I) a multi-component composition comprising the following separately formulated compositions: a) a first liquid aqueous composition A containing an aqueous polymer dispersion of a film-forming polymer P and the reactive silica component; b) a powdery composition C containing the filler and the calcium salt; or ii) a multi-component composition comprising the following separately formulated compositions: a) first liquid aqueous composition A containing an aqueous polymer dispersion of a film-forming polymer P and the reactive silica component; b) a second liquid aqueous composition B containing an aqueous polymer dispersion of a film-forming polymer P and the calcium salt; and c) a powdery composition C containing the filler, where the composition A does not contain the calcium salt and where the compositions B, C and C do not contain the reactive silica component and where the compositions A, B, C and C are separately formulated from each other.

10. The composition of any one of claims 1 to 9, which is a powdery formulation containing the filmforming polymer P, the calcium salt and the reactive silica component.

11 . The composition of any one of the preceding claims, where weight ratio of the total amount of the reactive silica component, calculated as SIO2, and the calcium salt, in particular the slaked lime, to the total amount of the film forming polymer P in the composition is in the range of 1 :1 to 1 :8.

12. The composition of any one of the preceding claims, where total amount of the reactive silica component, calculated as SiC>2, and the calcium salt in the composition is in the range of 0.1 to 20% by weight, based on the total weight of solids in the composition.

13. The composition of any one of the preceding claims, where the total amount of the film-forming polymer P in the composition is in the range of 2 to 55% by weight, based on the total solids in the composition.

14. The composition of any one of the preceding claims, wherein the film-forming polymer P is selected from the group consisting of styrene-butadiene copolymers, vinylacetate homo- and copolymers, styrene-acrylate copolymers and all-acrylic copolymers.

15. The composition of any one of the preceding claims, wherein the film-forming polymer P is made of ethylenically unsaturated monomers M, which comprise vi. 80 to 99.9% by weight, based on the total amount of monomers M, of at least one monomer M1 , which is selected from a combination of at least one monovinylaromatic monomer M1 a and at least one further monomer M 1 b selected from conjugated aliphatic dienes, alkylesters of acrylic acid or methacrylic acid and cycloalkylesters of acrylic acid or methacrylic acid and mixtures thereof, vii. 0 to 15% by weight, based on the total amount of monomers M, of one or more monomers M2 selected from monoethylenically unsaturated neutral monomers having a solubility in water of at least 60 g/L at 20 °C, viii. 0 to 3% by weight, based on the total amount of monomers M, of one or more monoethylenically unsaturated monomers M3 having at least one acid group; lx. 0 to 5% by weight, based on the total amount of monomers M, of one or more monoethylenically unsaturated monomers M4 which effect self-crosslinking of the polymer, x. 0 to 1 .0% by weight, based on the total amount of monomers M, of one or more monoethylenically unsaturated monomers M5 having a hydrolysable silane group; where the total amount of monomers M2, M3, M4 and M5 is in the range of 0.1 to 20% by weight, based on the total amount of monomers M.

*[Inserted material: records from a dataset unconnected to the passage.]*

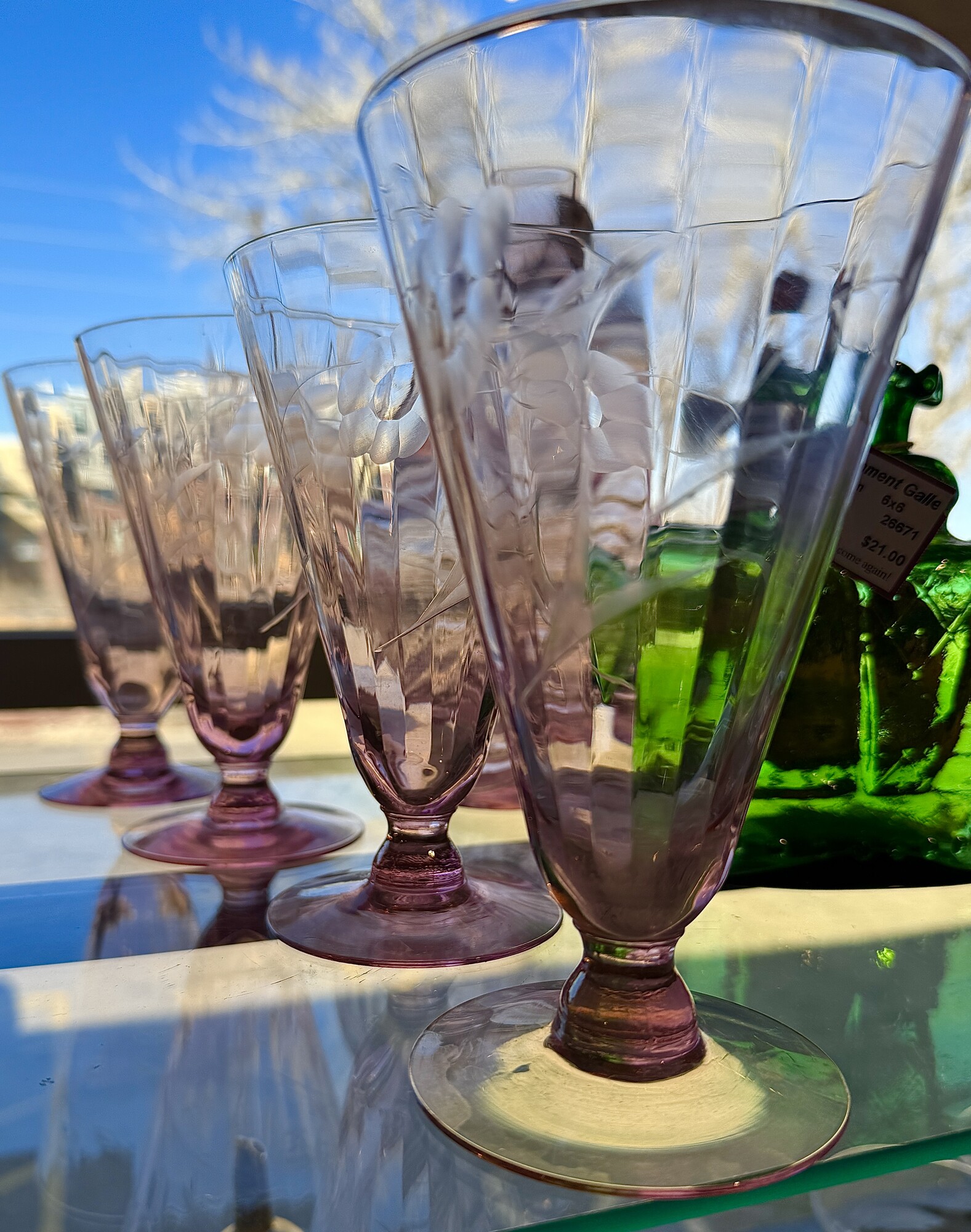 GlassesPink Depression glass with etchings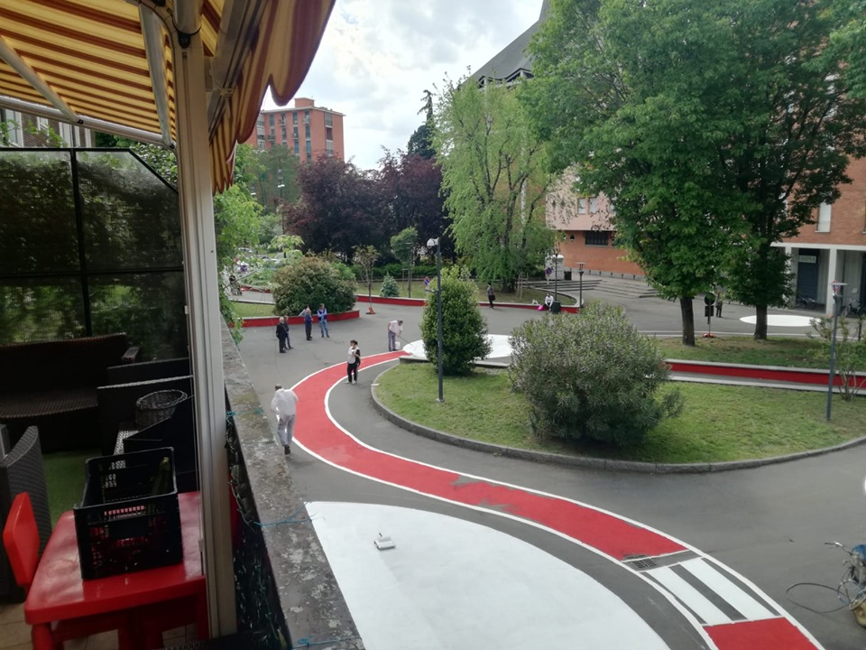 Il colore grigio ha lasciato posto al rosso fiammante dei percorsi ciclabili e dei giochi per bambini disegnati sull’asfalto.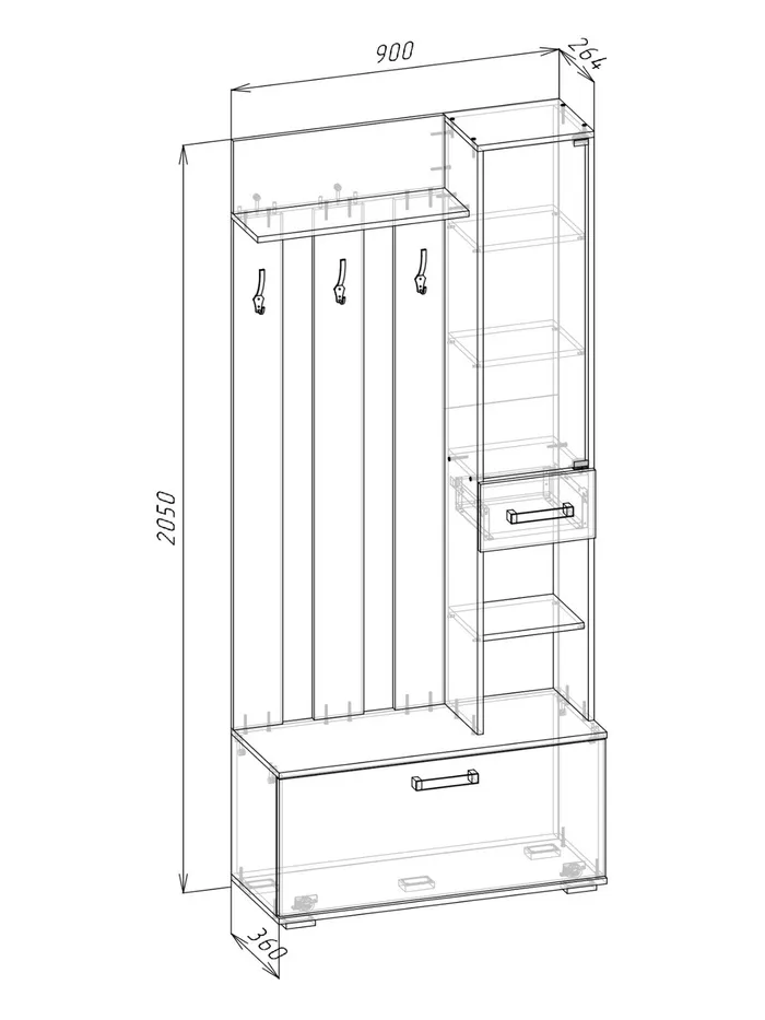 Прихожая с зеркалом «Ника», 910×354×2035 мм, цвет серый графит — Характеристики

16. The composition of any one of the preceding claims, where the amount of the organic polymer P is present in the composition in amount in the range of 10 to 50% by weight, in particular in the range of 15 to 45% by weight, based on the total weight of dry matter of the composition and calculated as polymer P.

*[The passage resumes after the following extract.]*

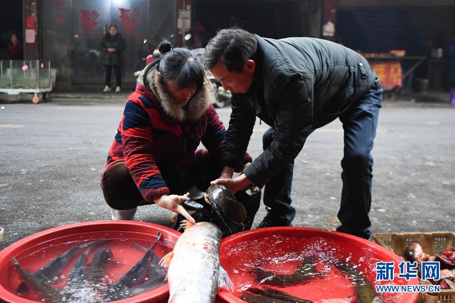 2020年12月21日,石仲芳在湖南省沅江市的一个水产市场挑选鱼。新华社记者 薛宇舸 摄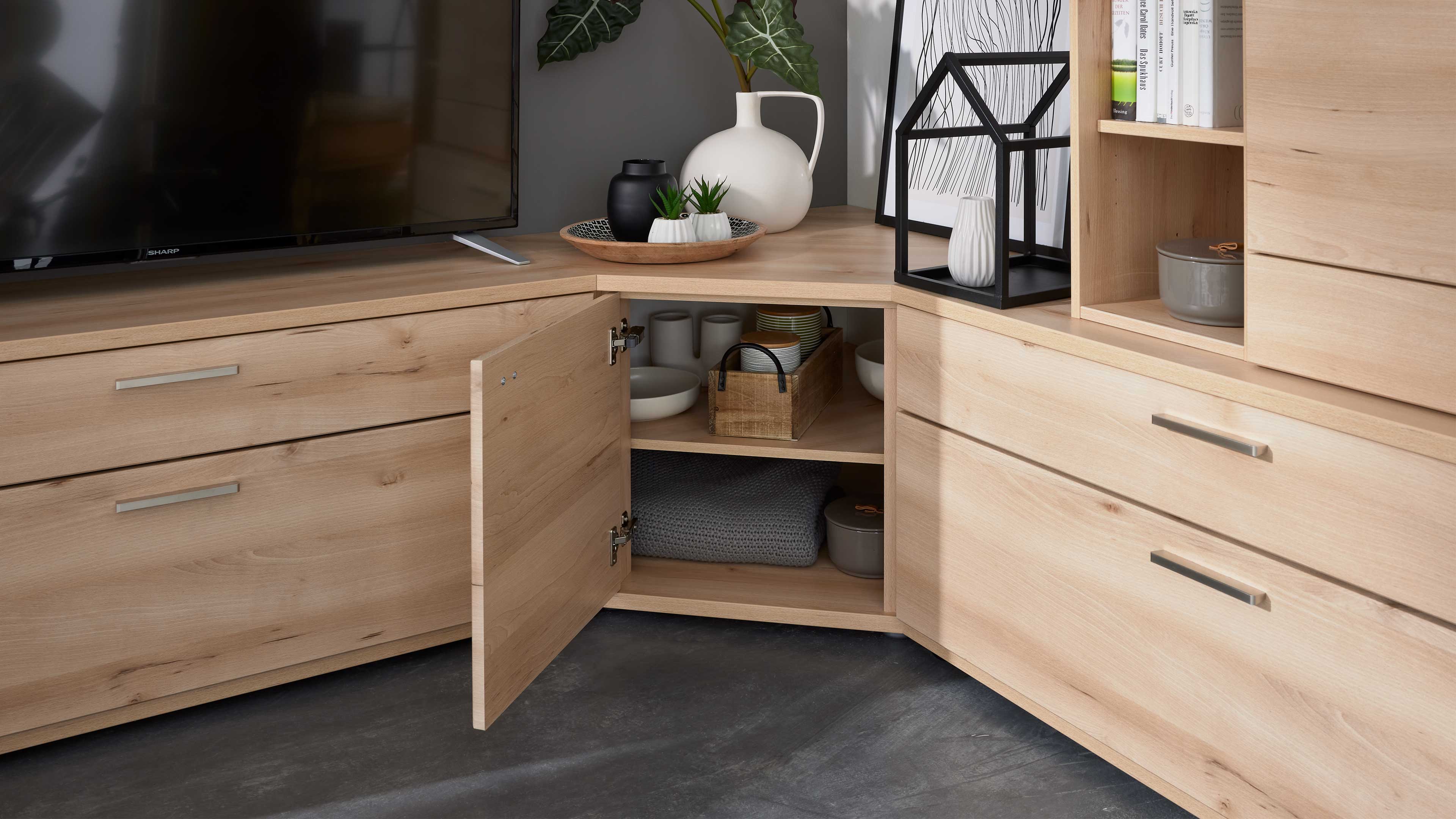 Das Lowboard mit Maßen von ca. 120 x 55 x 45 cm (B/LxHxT) ist mit zwei innen geteilten Schubladen ausgestattet und bietet großzügigen Platz für TV-Geräte bis 86 Zoll. Hier finden Technik, Zubehör oder Zeitschriften ihren Platz – ordentlich, übersichtlich und bequem zugänglich. Das Eckelement mit einer Tür und einem Holzboden misst ca. 77 x 55 x 77 cm (B/LxHxT) und verbindet die einzelnen Möbelteile harmonisch miteinander. Gleichzeitig nutzt es den vorhandenen Raum optimal aus – perfekt für kleine Ecken und Übergänge.

17. The composition of any one of the preceding claims, which additionally contains a polymeric dispersant.

18. Use of the composition of any one of the preceding claims as construction materials, in particular as compositions for producing mineral waterproofing membranes, as a tile adhesive composition, as a construction adhesive composition, as a flooring adhesive composition, as a plaster composition, as construction foam or as a composition for producing a flexible or flat roof coating.